La acción obedece, en primer lugar, a que los pescadores están reservando la cuota de sardina establecida para este año para los meses de verano a fin de prolongar las captura el mayor tiempo posible. Los cerqueros consideran que el cupo determinado para el Golfo de Cádiz es insuficiente y están a la espera de recibir una respuesta a la petición de ampliación de toneladas que han realizado.

En segundo lugar está el precio de la sardina, en la actualidad bastante bajo, de ahí que hayan optado por reservar la pesca de esta especie para más adelante, cuando adquiere un mayor valor en el mercado, ya que las capturas actuales se destinan a la industria conservera y la cotización en lonja es menor.

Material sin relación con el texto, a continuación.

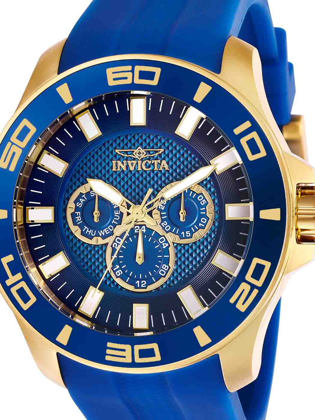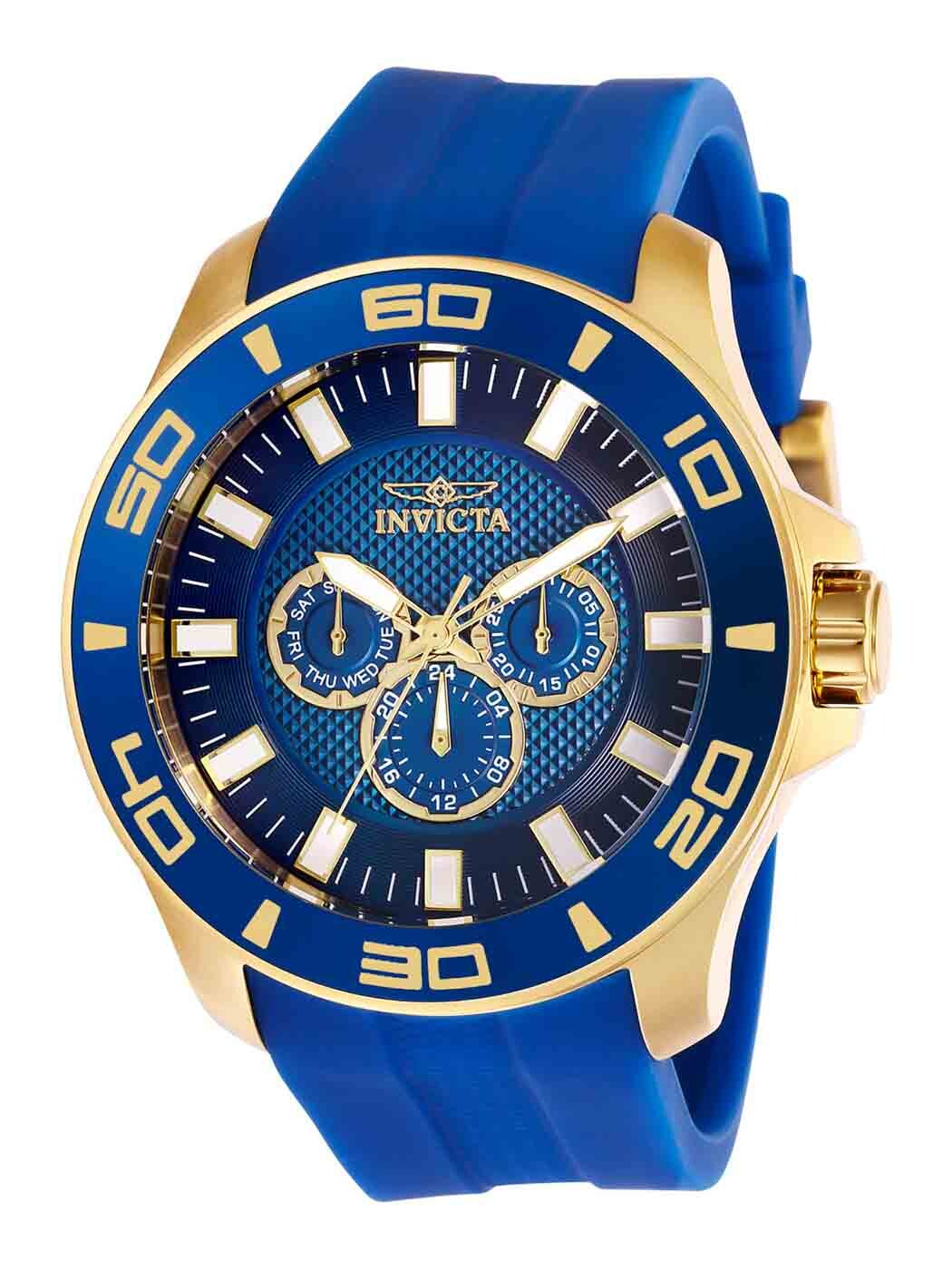 Sportig klocka med guldfärgade detaljer och silikonarmband för optimal komfort. Den har extra reptåligt glas och drivs av ett exakt quartzverk. Tre subdials som visar veckodag, datum och 24-timmarsvisning. Vattentålig upp till 100 meter.

Por contra, según explica el patrón mayor de la Cofradía de Pescadores de Punta Umbría, Manuel Fernández, el precio del boquerón es superior, como también lo es el cupo anual para esta especie, de ahí que su captura se pueda prolongar durante un periodo más largo.

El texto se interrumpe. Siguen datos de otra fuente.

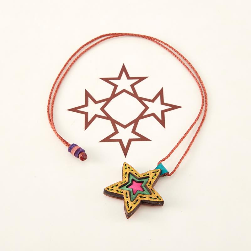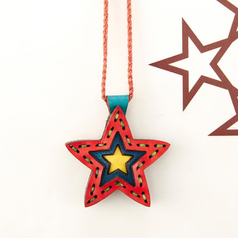 五芒星をデザインしたネックレスです。三枚の革を重ねた存在感のある仕上がりは、ファッションのアクセントに最適です。表裏それぞれ異なったカラーリングなので、リバーシブルでお楽しみ頂けます。紐部分のレザービーズで紐をお好みの長さに調整出来る仕様となっております。

Fernández detalla que en la localidad puntaumbrieña hay tres veces más barcos pescando boquerón que sardina, lo que permitirá tener un remanente de entre 70 y 80 toneladas de esta última especie en los meses de verano.

En similar situación se encuentra el puerto de Isla Cristina, según el patrón mayor de la cofradía, Mariano García, que apunta que “ahora el boquerón tiene una mayor rentabilidad”.

Los pescadores volvieron a faenar la sardina el pasado 1 de marzo, después de la parada biológica. El paro, que afectó a 39 barcos con base en los dos puertos onubenses, dejó tres meses de inactividad a los pescadores en los que no recibieron ninguna ayuda. La parada está contemplada dentro del plan de pesca para la regeneración y conservación del caladero entre la Administración central y el sector.

Un mes antes, el 1 de febrero, habían retomado la captura del boquerón. Finalmente, la Unión Europea fijó para este año la cifra de 2.700 toneladas de sardinas para todo el Golfo de Cádiz, cantidad que el sector considera “insuficiente”, ya que supone tan sólo el 22% del total que capturaba hace tres años.

El cerco del Golfo de Cádiz presentó en febrero ante el Ministerio de Agricultura, Alimentación y Medio Ambiente alegaciones a la propuesta hispanolusa sobre el cupo de captura de la sardina para 2016. La flota engloba a 86 barcos de los puertos de Sanlúcar de Barrameda y Barbate, en Cádiz, y los onubenses de Isla Cristina y Punta Umbría.Los cuatro puertos afectados presentaron cada uno sus alegaciones pero con un contenido común ya que todos coincidieron en que es “raquítico”.

El acuerdo limita la cantidad de sardina a 12.000 toneladas para España y Portugal, frente a las 14.500 de 2015, es decir alrededor de un 30% menos respecto al año anterior. Del total de esta cantidad, un 54% corresponde a Portugal y el 44% restante para España.

Los pescadores demandan un aumento de la cuota actual hasta alcanzar la del año pasado y ayudas, al menos, para un mes de parada biológica. Hasta el momento no han obtenido ninguna respuesta a sus peticiones.

En cuanto al boquerón, el sector acordó autorregularse en lo que a la captura se refiere al objeto de asegurarse la conservación del recurso y su comercialización. Inicialmente se estableció un cupo máximo de 350 cajas de corcho blanco de boquerón por embarcación, una cifra que puede modificarse en función de las necesidades del mercado o del estado del recurso pesquero.

El objetivo principal de esta autorregulación es alargar lo más posible las 5.022 toneladas de cuota de boquerón con la que inició la temporada, un 10 % más que en 2015 y que, sin embargo, no responde aún a las necesidades del sector.